▶ [EXERCISE]:
In the data below, set down exactly the lines from the one containing "It doesn't always" up to and including the one containing "V-Gard Hearing Protection, Low;". Leave the pictures out.
*** Opening of ENTRIES SHOWN ***
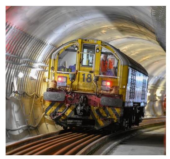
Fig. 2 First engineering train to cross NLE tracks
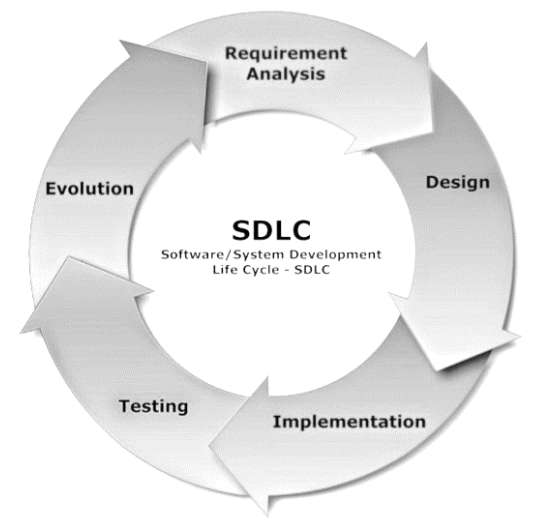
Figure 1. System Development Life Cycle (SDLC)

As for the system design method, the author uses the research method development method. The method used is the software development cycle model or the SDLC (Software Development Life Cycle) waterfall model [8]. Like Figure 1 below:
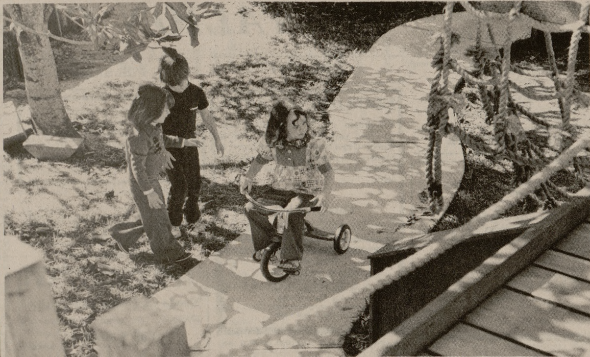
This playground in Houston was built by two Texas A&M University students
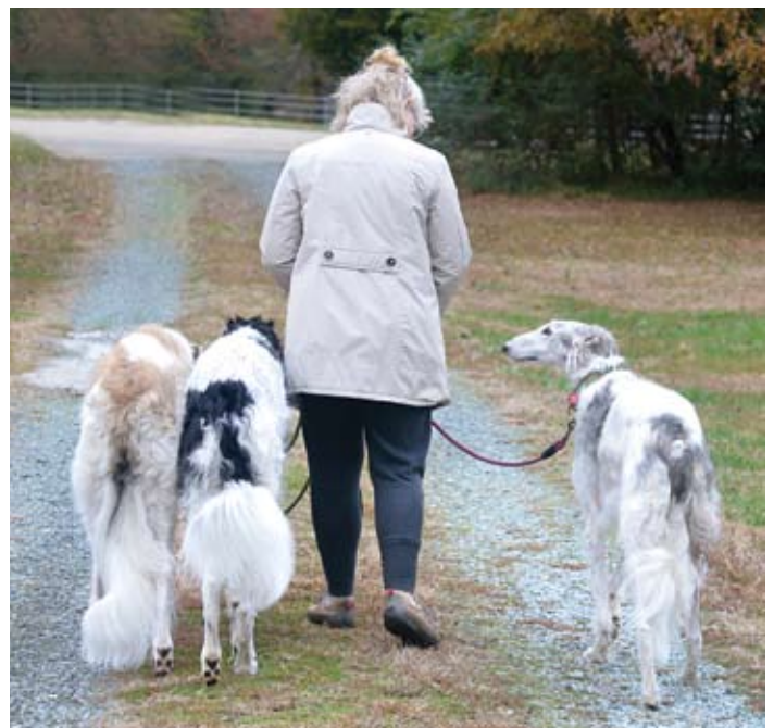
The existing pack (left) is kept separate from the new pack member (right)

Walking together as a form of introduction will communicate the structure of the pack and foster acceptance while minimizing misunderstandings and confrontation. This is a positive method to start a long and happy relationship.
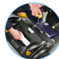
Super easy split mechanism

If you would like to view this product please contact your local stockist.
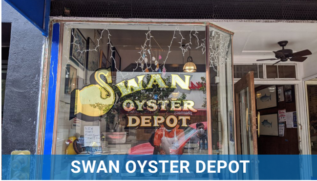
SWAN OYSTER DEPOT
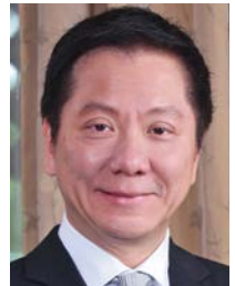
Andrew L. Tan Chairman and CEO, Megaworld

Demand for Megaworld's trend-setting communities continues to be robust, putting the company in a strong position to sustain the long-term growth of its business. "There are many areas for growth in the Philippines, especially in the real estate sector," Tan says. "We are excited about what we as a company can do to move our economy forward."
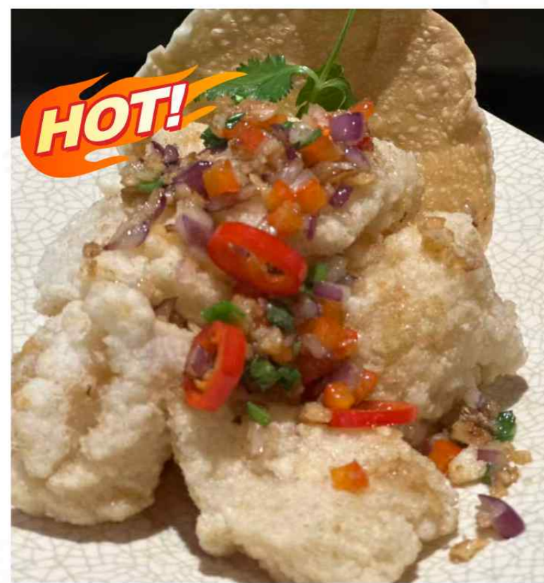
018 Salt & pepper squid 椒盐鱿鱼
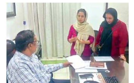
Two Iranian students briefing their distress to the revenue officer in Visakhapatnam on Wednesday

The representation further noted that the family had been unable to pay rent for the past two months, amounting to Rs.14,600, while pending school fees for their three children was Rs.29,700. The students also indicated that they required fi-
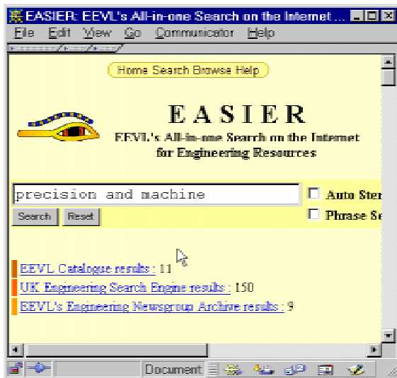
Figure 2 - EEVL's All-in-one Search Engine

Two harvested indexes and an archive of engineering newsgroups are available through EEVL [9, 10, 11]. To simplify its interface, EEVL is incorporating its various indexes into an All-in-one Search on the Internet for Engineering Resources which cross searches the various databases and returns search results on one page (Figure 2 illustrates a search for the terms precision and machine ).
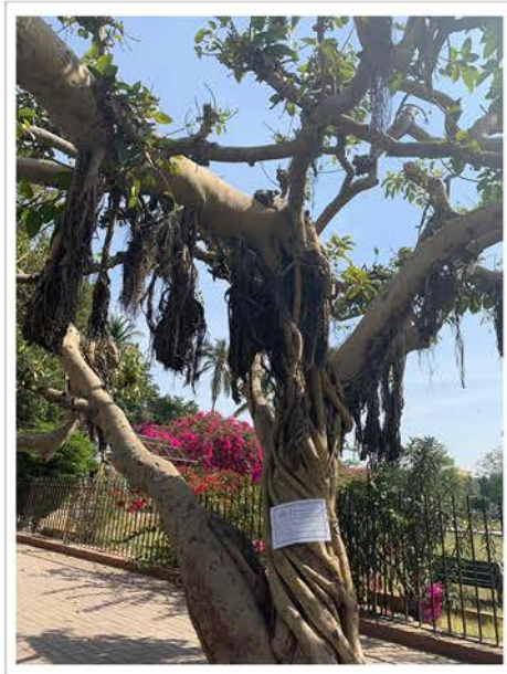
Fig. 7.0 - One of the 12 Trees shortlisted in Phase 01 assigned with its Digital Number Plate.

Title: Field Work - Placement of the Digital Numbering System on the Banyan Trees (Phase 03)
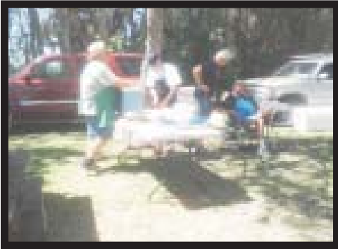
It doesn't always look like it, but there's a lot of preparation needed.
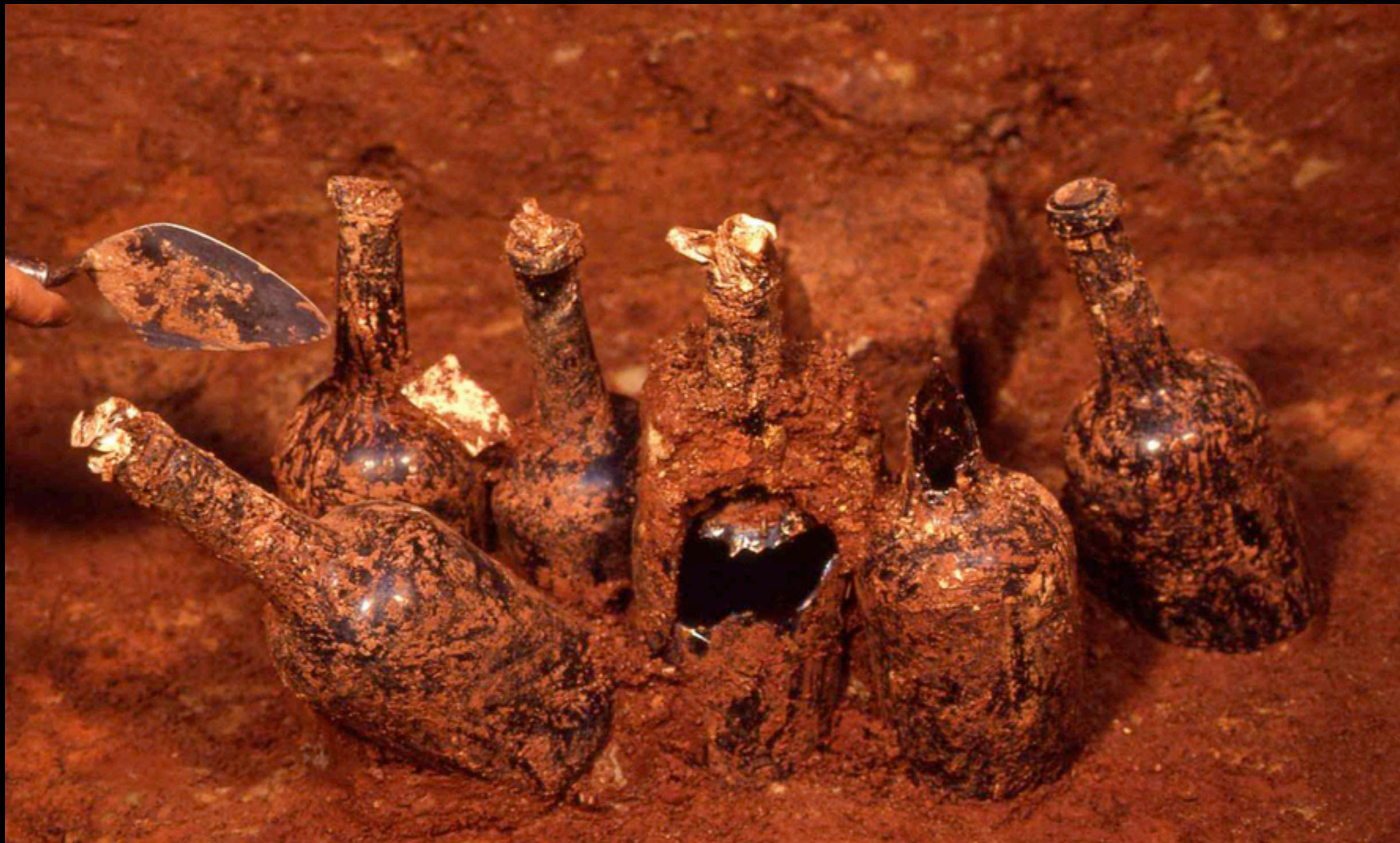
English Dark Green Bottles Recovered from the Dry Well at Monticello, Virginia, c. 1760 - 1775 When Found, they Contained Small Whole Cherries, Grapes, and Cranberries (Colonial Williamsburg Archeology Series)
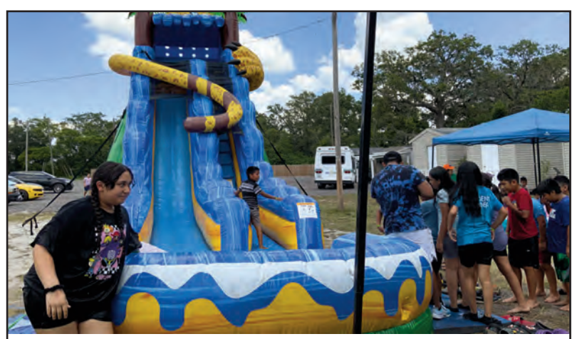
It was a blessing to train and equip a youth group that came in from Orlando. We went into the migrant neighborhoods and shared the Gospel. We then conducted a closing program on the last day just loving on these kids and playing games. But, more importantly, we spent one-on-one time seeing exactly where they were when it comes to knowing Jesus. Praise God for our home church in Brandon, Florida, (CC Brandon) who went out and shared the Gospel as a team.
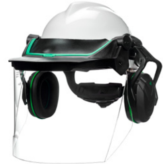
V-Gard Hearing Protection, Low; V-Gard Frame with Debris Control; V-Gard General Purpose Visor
*** Close of ENTRIES SHOWN ***
*** Opening of ENTRIES SHOWN ***
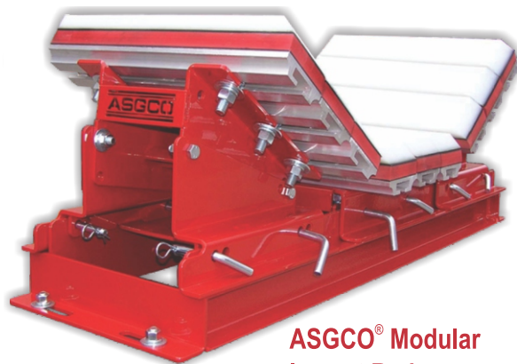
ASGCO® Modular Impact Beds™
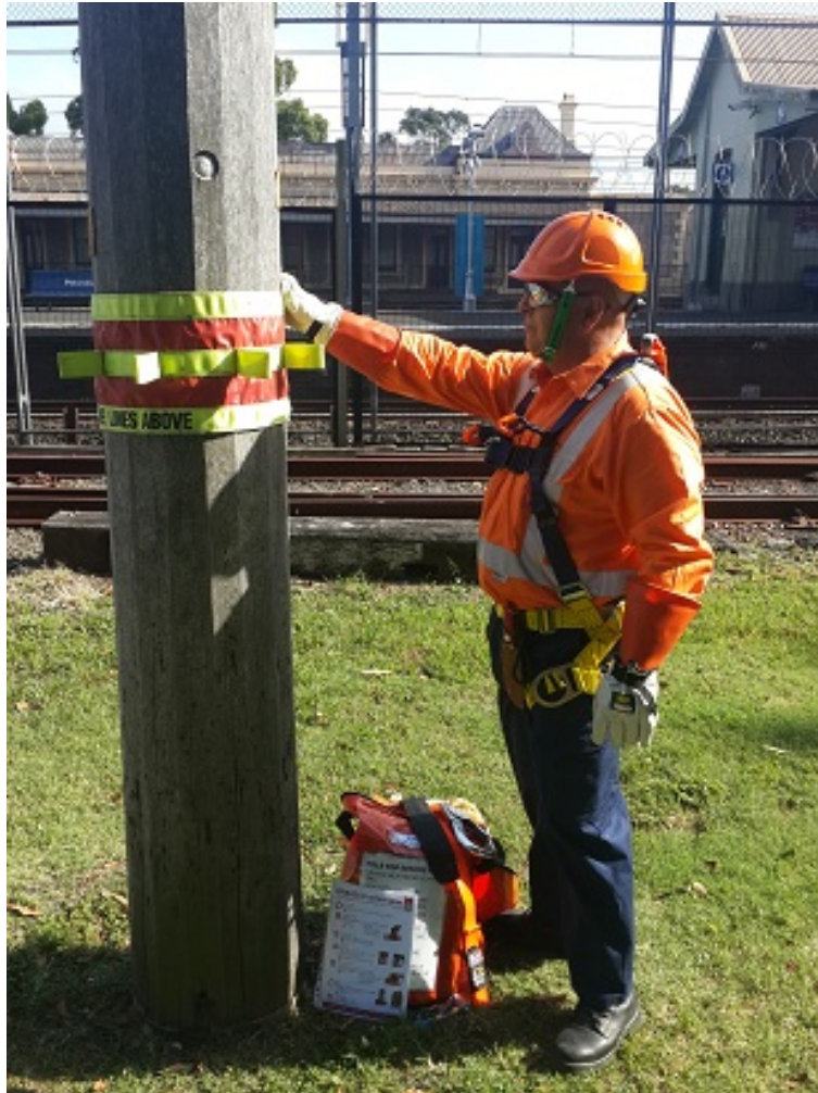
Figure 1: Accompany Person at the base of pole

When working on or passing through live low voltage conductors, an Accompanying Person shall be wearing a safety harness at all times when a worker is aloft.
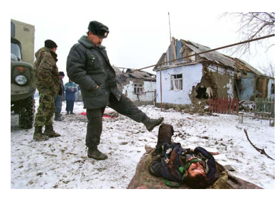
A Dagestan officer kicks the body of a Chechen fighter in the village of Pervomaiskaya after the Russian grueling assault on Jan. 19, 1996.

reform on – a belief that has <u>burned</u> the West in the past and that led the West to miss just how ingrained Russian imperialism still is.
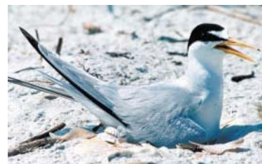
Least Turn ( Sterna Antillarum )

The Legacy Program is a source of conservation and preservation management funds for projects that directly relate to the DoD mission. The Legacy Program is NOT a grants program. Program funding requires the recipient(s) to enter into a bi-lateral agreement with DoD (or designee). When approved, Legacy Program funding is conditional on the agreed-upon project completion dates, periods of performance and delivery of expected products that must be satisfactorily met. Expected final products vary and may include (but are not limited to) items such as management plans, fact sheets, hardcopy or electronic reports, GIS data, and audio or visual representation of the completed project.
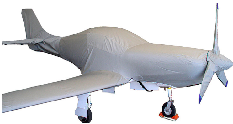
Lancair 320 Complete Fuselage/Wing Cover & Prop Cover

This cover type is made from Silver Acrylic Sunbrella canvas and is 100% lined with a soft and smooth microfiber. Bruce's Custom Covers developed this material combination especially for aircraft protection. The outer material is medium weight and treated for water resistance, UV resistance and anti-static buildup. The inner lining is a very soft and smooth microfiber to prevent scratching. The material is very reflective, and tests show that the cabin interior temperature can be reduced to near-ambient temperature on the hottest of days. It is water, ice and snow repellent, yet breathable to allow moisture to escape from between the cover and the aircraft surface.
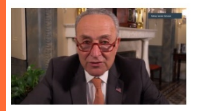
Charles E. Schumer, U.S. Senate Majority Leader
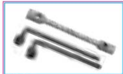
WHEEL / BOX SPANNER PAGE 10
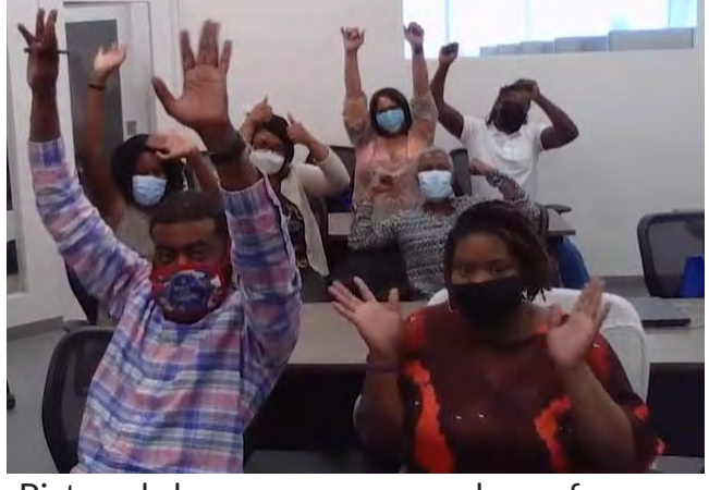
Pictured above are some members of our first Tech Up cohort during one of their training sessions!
*** Close of ENTRIES SHOWN ***
*** Opening of ENTRIES SHOWN ***
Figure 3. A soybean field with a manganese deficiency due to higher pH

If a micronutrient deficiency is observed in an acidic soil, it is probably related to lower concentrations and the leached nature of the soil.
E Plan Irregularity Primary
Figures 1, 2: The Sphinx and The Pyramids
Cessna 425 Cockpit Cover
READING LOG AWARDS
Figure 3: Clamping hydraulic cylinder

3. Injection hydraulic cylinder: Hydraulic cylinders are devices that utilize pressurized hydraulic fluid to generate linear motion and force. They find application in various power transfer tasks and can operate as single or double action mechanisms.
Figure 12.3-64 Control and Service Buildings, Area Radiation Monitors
*** Close of ENTRIES SHOWN ***
▶ [FINISHED TASK]:
It doesn't always look like it, but there's a lot of preparation needed.
English Dark Green Bottles Recovered from the Dry Well at Monticello, Virginia, c. 1760 - 1775 When Found, they Contained Small Whole Cherries, Grapes, and Cranberries (Colonial Williamsburg Archeology Series)
It was a blessing to train and equip a youth group that came in from Orlando. We went into the migrant neighborhoods and shared the Gospel. We then conducted a closing program on the last day just loving on these kids and playing games. But, more importantly, we spent one-on-one time seeing exactly where they were when it comes to knowing Jesus. Praise God for our home church in Brandon, Florida, (CC Brandon) who went out and shared the Gospel as a team.
V-Gard Hearing Protection, Low; V-Gard Frame with Debris Control; V-Gard General Purpose Visor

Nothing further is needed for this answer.